Ces révélations ont été étayées par les confidences d’un membre du cabinet de monsieur Aubin Minaku, président du Parlement. Ce haut cadre a confirmé que le Rwanda est rassuré que les 300 députés congolais à qui on a formellement garanti une prime de 100.000 dollars et une jeep Prado ont promis de soutenir le projet de la révision des frontières. Selon les termes de ce projet, Goma et tout l’Est de la RDC, y compris l’Ituri, devront revenir au Rwanda et à l’Ouganda. Ce proche de Minaku a livré certains détails précis : les 11 juillet 2013 en Afrique du sud, 24 octobre 2013 en Angola et 14 janvier 2014 en Angola, Mme Zuma et les présidents Kagame, Kabila et Dos Santos se sont réunis à cet effet. L’une des principales missions confiées à Mme Zuma à la tete de l’UA a été d’examiner les voies et moyens d’initier ce dossier délicat de la révision des frontières de la RDC.

Et selon les autres précisions fournis pas ce proche du président du Parlement congolais, ce sont des multinationales qui envoient à Kigali l’argent destiné à la corruption aux députés congolais.

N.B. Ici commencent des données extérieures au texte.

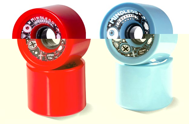 Aukščiausios kokybės Mindless longbordų lentos, ašys/važiuoklės, longbordų ratukai (įvairūs profiliai, spalvos, kietumas), waterproof guoliai, padukai, grip pad'ai.
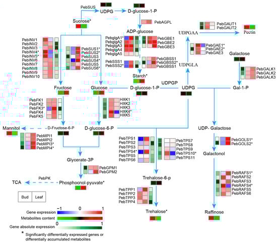 Simplified model of carbohydrate metabolic pathway in “Gaogai-1” and the heatmap of metabolite accumulation and related gene expression pattern at different developmental stages. The differentially expressed genes and differentially accumulated metabolites are marked with asterisks.
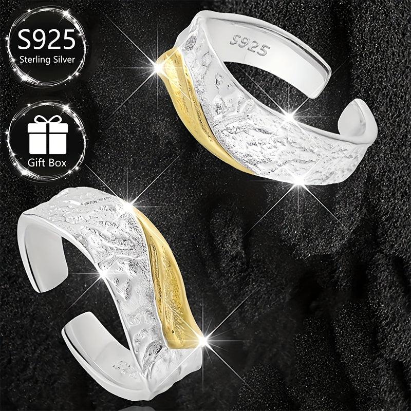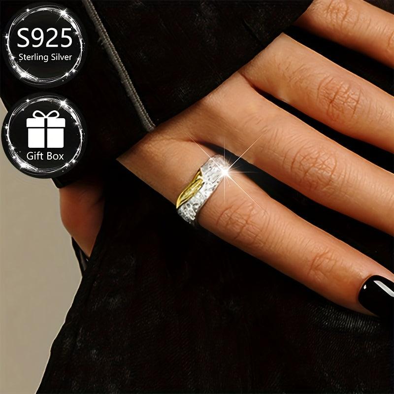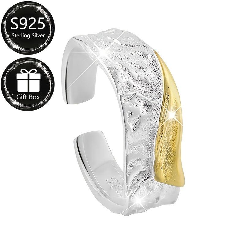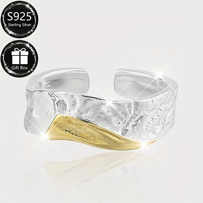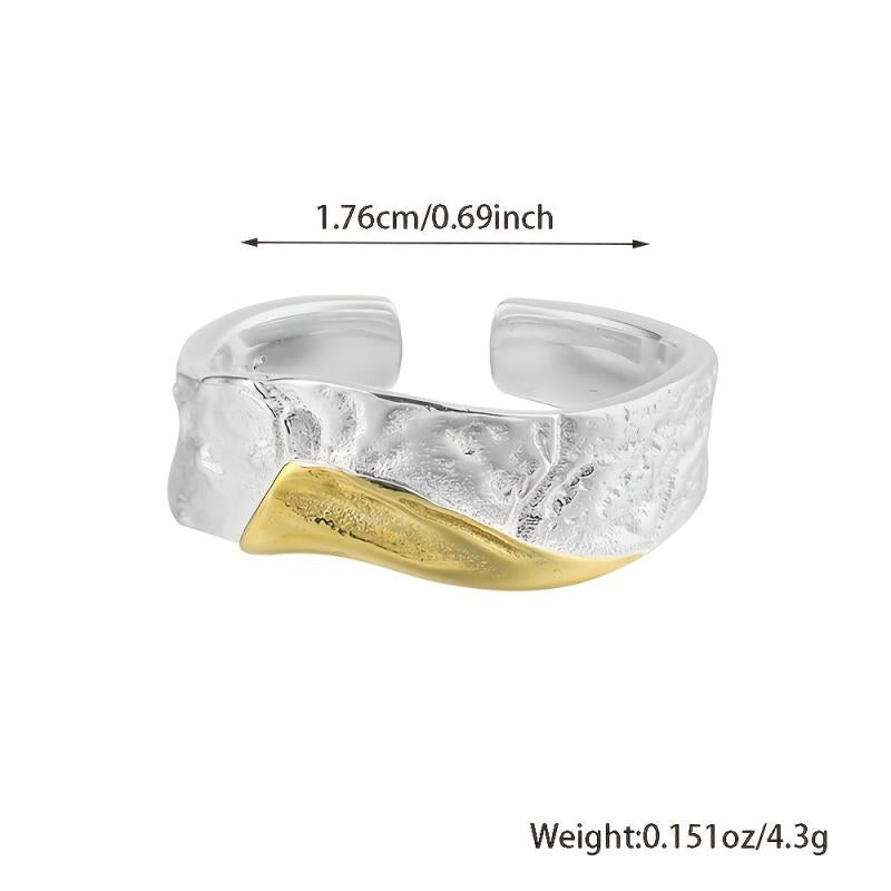 This stylish ring is made of 925 sterling silver with a textured two-tone finish. Its irregular geometric design makes it perfect for banquets and gifting throughout all seasons.
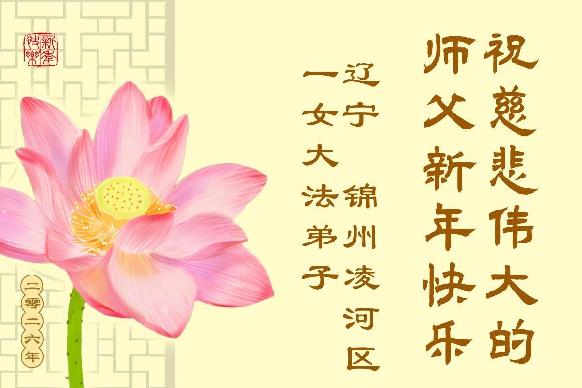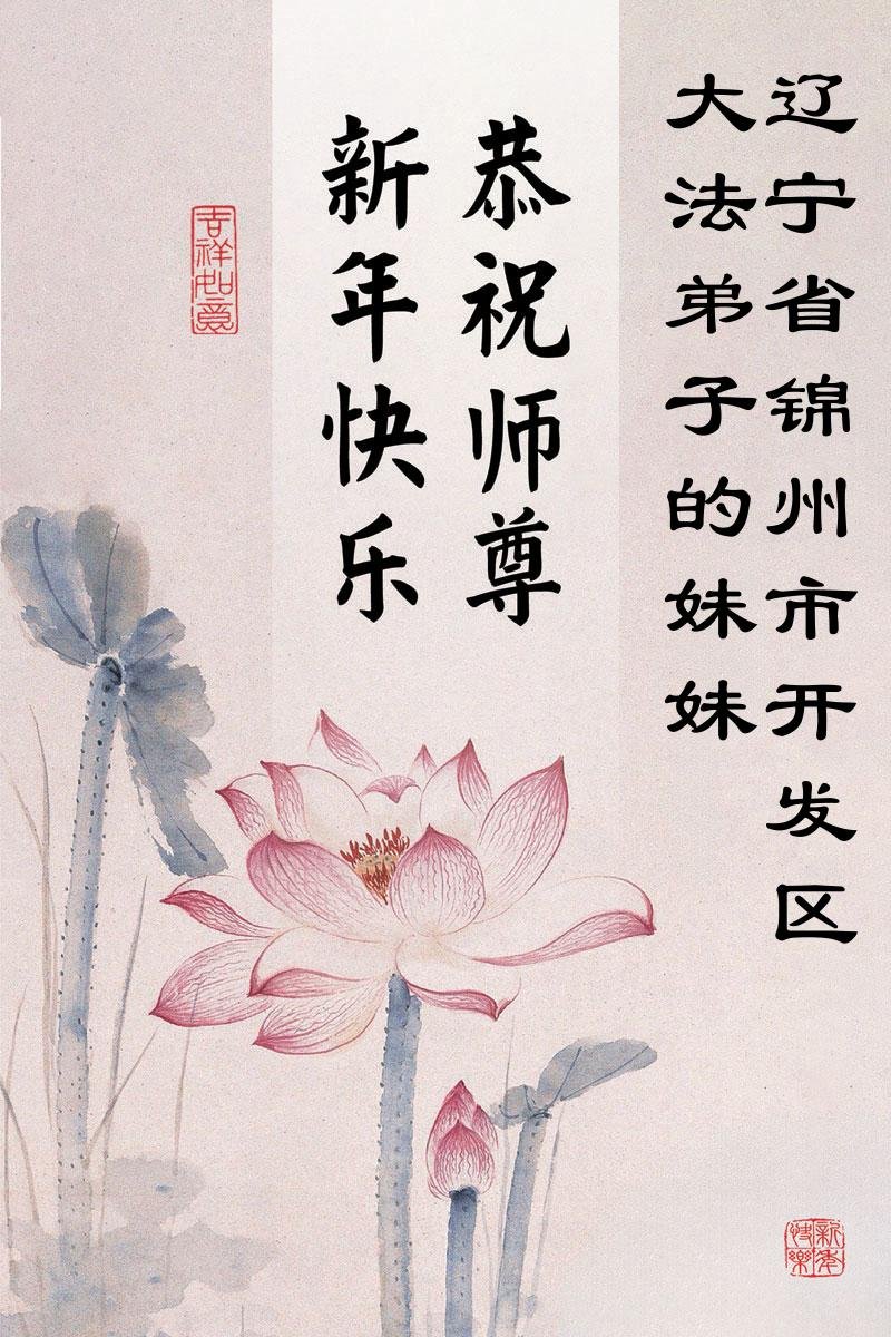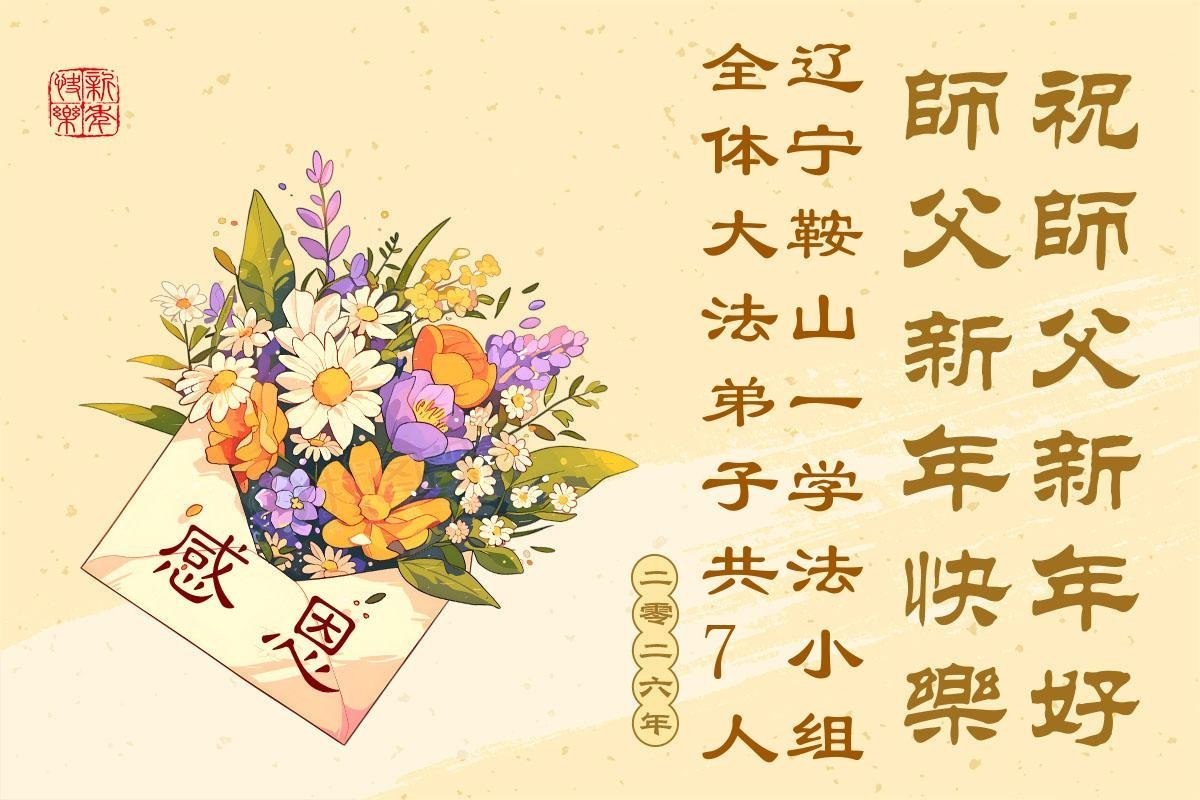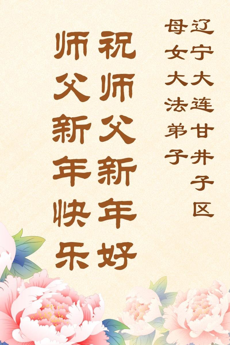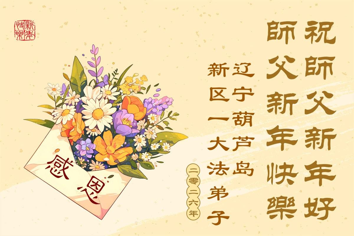 恭祝師尊新年快樂!師尊您辛苦了!在今後的修煉日子裏,多學法心中裝著法,用法對照時時向內找,去除人的執著,純淨的做好三件事,跟上正法進程。天天有總結日日有提高,圓滿回升返家園,叩謝師尊看護著弟子及家人。

Et un dossier relatif à la révision des frontières congolaises est en passe d’être envoyé au Parlement congolais et devra être avalisé par les 335 députés sur les 500 qui constituent toute l’Assemblée nationale dont la véritable patronne s’avère être Janet Kabila et non Minaku qui n’est qu’une simple marionnette des Tutsi. Les sud africains soutiennent ce projet rwandais de balkanisation pour garantir leurs intérêts et empêcher l’émergence et le développement de la RDC qui s’avère être un sérieux concurrent dans la sous région et même en Afrique !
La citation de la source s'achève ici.